Money doesn’t grow on trees
The reason I wrote this piece was this passage:
“As it stands, generative AI (and AI in general) may have some use. Yet even with thousands of headlines, billions of dollars of investment, and trillions of tokens run through various large language models, there are no essential artificial intelligence use cases, and no killer apps outside of non-generative assistants like Alexa that are now having generative AI forced into them for no apparent reason. I consider myself relatively tuned into the tech ecosystem, and I read every single tech publication regularly, yet I'm struggling to point to anything that generative AI has done other than reignite the flames of venture capital. There are cool little app integrations, interesting things like live translation in Samsung devices, but these are features, not applications. And if there are true industry-changing possibilities waiting for us on the other side, I am yet to hear them outside of the fan fiction of Silicon Valley hucksters.”
I called a bubble on AI pricing last February, so hopefully I do not get lumped into Zitron’s “Silicon Valley hucksters” group, but there are many successful generative AI companies and products used by millions:
- Midjourney generates art for 19 million users in its Discord server (the primary delivery mechanism for its product) and generates more than $200 million in revenue annually.
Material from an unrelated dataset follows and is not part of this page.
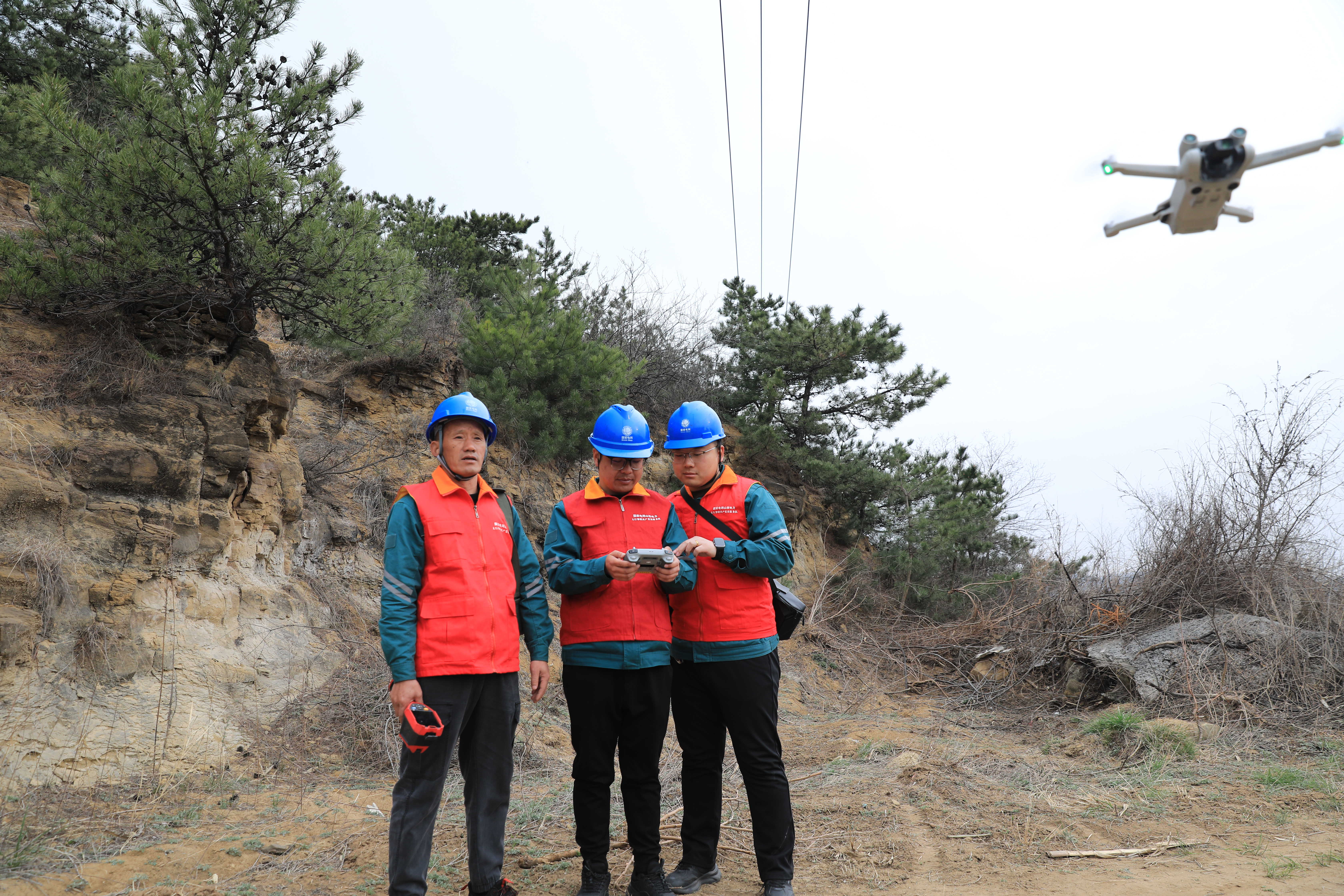 3月26日,在山西省高平市野川镇圪台山上,高平供电公司野川供电所3名运维人员头戴安全帽、身着红马甲,行走在春日山林间。他们或手持测温仪,或高举望远镜,或起飞无人机,仔细对穿越林区的10千伏867吴庄线供电设备进行巡视检查。

- AlphaFold, a machine learning model that is combined with generative AI to understand protein structures and create treatments for malaria and cancer, has been accessed by 1.2 million researchers.
- ChatGPT, which is one of the fastest-growing applications of all time, has surpassed a $2 billion revenue run rate.
- Notion has had over 4 million users for its AI software, ranging from teenagers to enterprise customers.
- CharacterAI chatbots have nearly 100 million monthly site visits and an average time on site of more than two hours per day for users who send a message. There are 4.2 million monthly active users in the U.S. on the company’s mobile app alone.
It would be reasonable to critique how these companies are utilizing AI. However, calling companies “fan fiction” is inaccurate. In contrast to Zitron’s claim that there are “no killer apps,” there are dozens of startups scaling to millions in revenue and users.
There are many legitimate aspects of AI to analyze. We should be examining the impact it will have on jobs. We should be concerned about the concentration of knowledge and power these systems create. However, we should not be worried about whether or not technology is real.